Common statements of marine scientists, working with optical image data, currently refer to “drowning in” or being “overrun by” huge amounts of new data coming in. This calls for automated methods from computer vision and pattern recognition to guide and support the manual evaluation of those big data vaults (MacLeod and Culverhouse, 2010). While first automated approaches have already been developed for object detection, classification or habitat mapping (Purser et al., 2009; Williams et al., 2010; Lüdtke et al., 2012; Schoening et al., 2012a), some putatively smaller challenges have been overseen or bypassed. One good example for this is the computational detection of laser points (LPs) which are a common and highly recommendable method to determine the pixel-to-centimeter ratio in underwater imaging. The relative positions of the LPs within each image, combined with the knowledge about the technical setup that projects the LPs, allow quantification of the imaged objects and the area covered. This could be the biomass size of occurring biota in habitat studies (Bergmann et al., 2011) or the amount of marine mineral resources in exploration (Schoening et al., 2012b).
Depending on the technological requirements of the deployed camera rig [Ocean Floor Observation System (OFOS), Remotely Operated Vehicle, Autonomous Underwater Vehicle, crawler, lander] there are a multitude of spatial LP layouts currently in action. Some spatial layouts consist of only two LPs, which does not allow to compute the orientation of the seafloor in relation to the rig. More common are spatial layouts with three LPs that provide basic viewing angle information (assuming the seafloor is flat). A method to design an LP layout and to derive scale information has been published in Pilgrim et al. (2000).
Apart form the geometrical differences, there are also differences regarding the LP color. Because of the physical properties of the laser, the water and the seafloor, as well as the altitude of the camera rig, the color values that are recorded at the LP positions do show considerable variation inside one image transect.
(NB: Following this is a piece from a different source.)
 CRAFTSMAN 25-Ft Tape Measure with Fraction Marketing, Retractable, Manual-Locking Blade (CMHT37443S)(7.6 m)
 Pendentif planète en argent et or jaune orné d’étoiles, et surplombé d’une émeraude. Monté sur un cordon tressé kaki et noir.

Although the LPs may be practically invisible to humans, e.g., when the altitude is too high they can still be visible to automated LP detectors that analyse or modify the color spectrum of an image.
A common approach to gather the LP positions is the incorporation of human experts to manually annotate the occurring LPs in each image so those can be read out for a pixel-to-centimeter ratio computation (Pilgrim et al., 2000). This is a time-consuming effort and thinking of the ever-increasing data amounts thus calls for an automated solution. Because of the varying spatial layout of the LPs (between transects) and the varying color (within/between transects), software-based detection of the LPs is a non-trivial task and needs to be hand-tuned by an image-processing expert for each novel setting. Furthermore, a subset of images has to be annotated for LPs by an expert user anyway, so these can be employed as a reference (or gold standard) for the software output. During experiments, even this proved to be a defective task, as LPs are usually small (about 20 pixels in size) and are thus difficult to see/annotate. A manual misplacement of the annotation marker of just a few pixels can lead to the inclusion of background pixel information so the data-driven estimation of the LPs average color is spoiled.
Here, we present the DELPHI system (“DEtection of Laser Points in Huge image collection using Iterative learning”) for LP detection in image transects. DELPHI incorporates the before mentioned manual (and thus error-prone) annotations, made for a small subset of the images, and automatically finds the most trustworthy annotations. From these annotations, DELPHI learns the spatial layout as well as the color features of the LPs. It operates on the marine image and annotation database of BIIGLE (Ontrup et al., 2009) and is also implemented as a web application so that everyone (who has access to BIIGLE) can use it, when connected to the internet and its applicability regarding two different spatial layouts is shown by classifier statistics in the Section 5.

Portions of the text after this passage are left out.